Who can help me with planning?

  • Research, Campus, and Environmental Safety ([email protected]) can help with interim plan development and guidance, including:
    • Risk assessment to identify those activities that may pose a hazard when unattended.
    • Safeguards to implement if high risk work will continue.
    • Handling and disposal of laboratory waste.
    • Questions relating to PPE, disinfection, and cleaning.

How should I prioritize my research activities to maximize continuity?
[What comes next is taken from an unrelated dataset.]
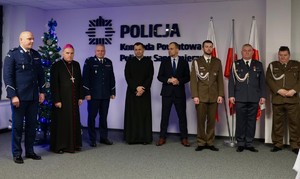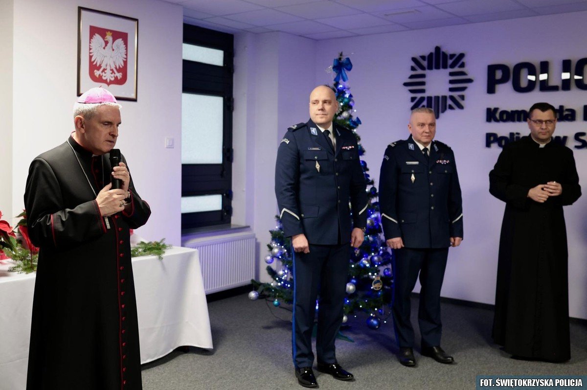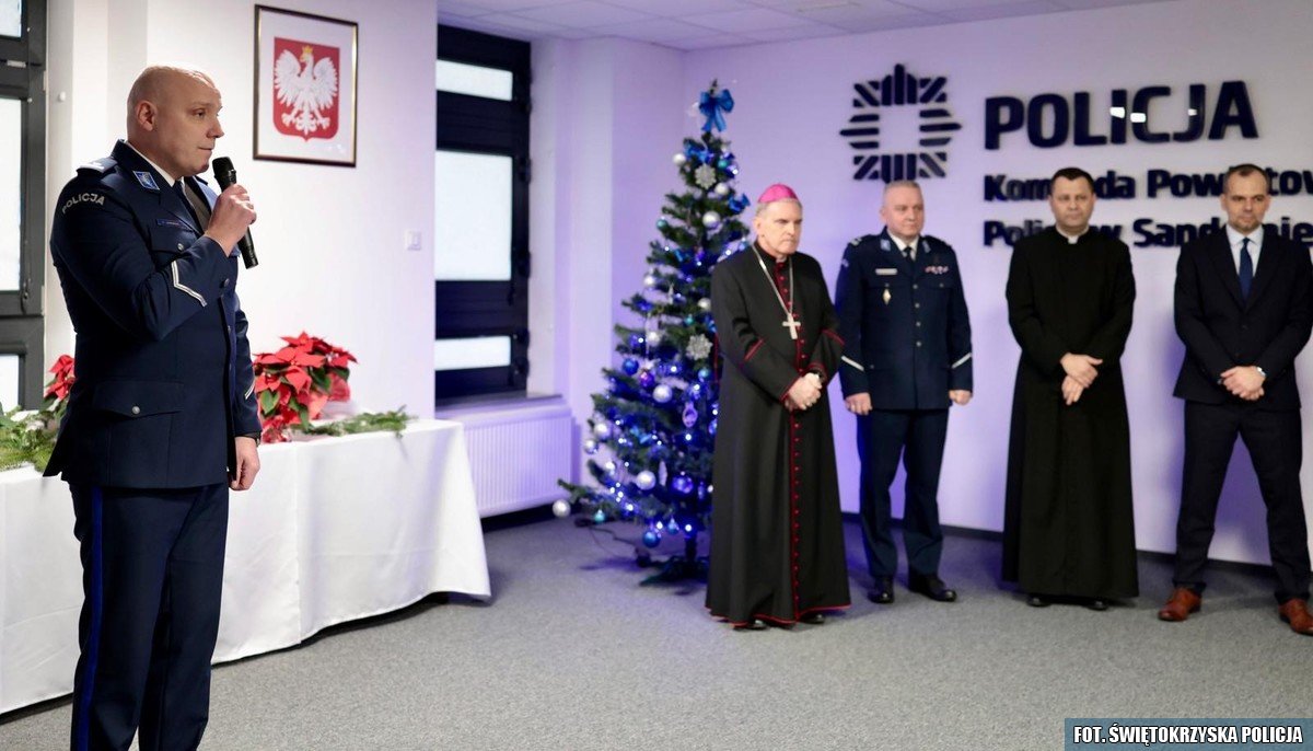 Szef sandomierskich funkcjonariuszy podinsp. Grzegorz Jaworski po przywitaniu przybyłych gości, podziękował policjantom oraz pracownikom za ogromny wysiłek i zaangażowanie w codziennej służbie i pracy oraz złożył zgromadzonym życzenia z okazji nadchodzących Świąt Bożego Narodzenia. Wszelkiej pomyślności życzył także Jego Ekscelencja Ksiądz Biskup Sandomierski Krzysztof Nitkiewicz, który tradycyjnie poświęcił wigilijny opłatek.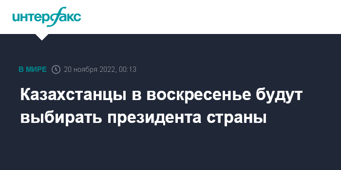Москва. 20 ноября. INTERFAX.RU - В Казахстане в воскресенье пройдут внеочередные президентские выборы, на пост главы государства претендуют шесть человек, в том числе действующий президент Касым-Жомарт Токаев.

  • The following rubric can be found in the UT Dallas Continuity Planning and Recovery Guide for Laboratories and Research Facilities:
Priority Rating Importance Recovery Time
Critical Function directly impacts the life, health, safety, or security of the UT Dallas community and stopping would have significant consequences. < 4 hours
High Function must continue at normal or increased level. Pausing for more than 24 hours may cause significant consequences or serious harm to business operations, upstream and downstream dependent organizations or units, revenue and finances, reputation, or other core mission services. < 24 hours
Medium Function must be continued if at all possible, perhaps in reduced mode. Stopping for more than one week may cause major disruption to business operations, upstream and downstream dependent organizations or units, revenue and finances, or other core mission services. < 1 week
Low Function could be suspended for up to one month without causing significant disruption to business operations, upstream and downstream dependent organizations or units, revenue and finances, or other core mission services. < 1 month
Deferrable Function may pause and resume when conditions permit. Deferring this function for more than one month may cause slight disruption to business operations, upstream and downstream dependent organizations or units, revenue and finances, or other core mission services. > 1 month

I rely on a core facility. What continuity plans are in place for core facilities?
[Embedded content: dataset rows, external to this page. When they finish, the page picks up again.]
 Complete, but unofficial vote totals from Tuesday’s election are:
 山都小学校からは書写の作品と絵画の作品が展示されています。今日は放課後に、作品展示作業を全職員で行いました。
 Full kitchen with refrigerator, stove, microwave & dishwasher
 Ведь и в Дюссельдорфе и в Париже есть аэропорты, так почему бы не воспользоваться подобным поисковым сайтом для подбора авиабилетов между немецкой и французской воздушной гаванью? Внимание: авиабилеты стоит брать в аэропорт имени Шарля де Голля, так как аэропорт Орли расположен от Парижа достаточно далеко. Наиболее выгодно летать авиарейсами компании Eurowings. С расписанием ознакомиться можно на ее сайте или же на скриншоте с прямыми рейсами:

  • Research Core Facilities (RCF) have developed continuity plans for the facilities, but specifics for accessibility may differ. Contact RCF director Jimmy Gowrisanker or individual core managers about their plans and how to maintain your access.

What about accessing restricted or secure data from off campus?

  • These will need to be addressed on a case-by-case basis dependent on usage or contractual obligations. If you are unsure, please email [email protected] with your project ID and your intended use case for more information.

What if the “worst case” occurs and I am unable to maintain my laboratory operations?

  • Preparation now will help mitigate the impact if it becomes necessary to close out all of your laboratory operations. Please consider the prerequisites for this and their impacts. Guidance for safe laboratory close-out can be found here.

What must research laboratories do to prepare for the care of research animals in case of disruption?

  • Laboratories should be prepared to ramp down, curtail, or postpone animal research experiments if and when the need arises. For ongoing experiments, please limit or discontinue removing animals from from Lab Animal Resource Center (LARC)-managed facilities. The LARC will continue daily animal care in the vivarium and satellite housing rooms (including regular cage cleaning, feed and water assurance, and health checks). If you have animals in these areas, LARC staff will continue to care for them.

How will animal care proceed if access is limited?

  • The from Lab Animal Resource Center (LARC) expects to continue to provide regular care to LARC-maintained animals. The LARC has developed plans to respond to a variety of curtailment or reduced staffing scenarios, and will communicate directly with relevant PIs if campus circumstances change. Please discuss plans with LARC leadership if you have questions.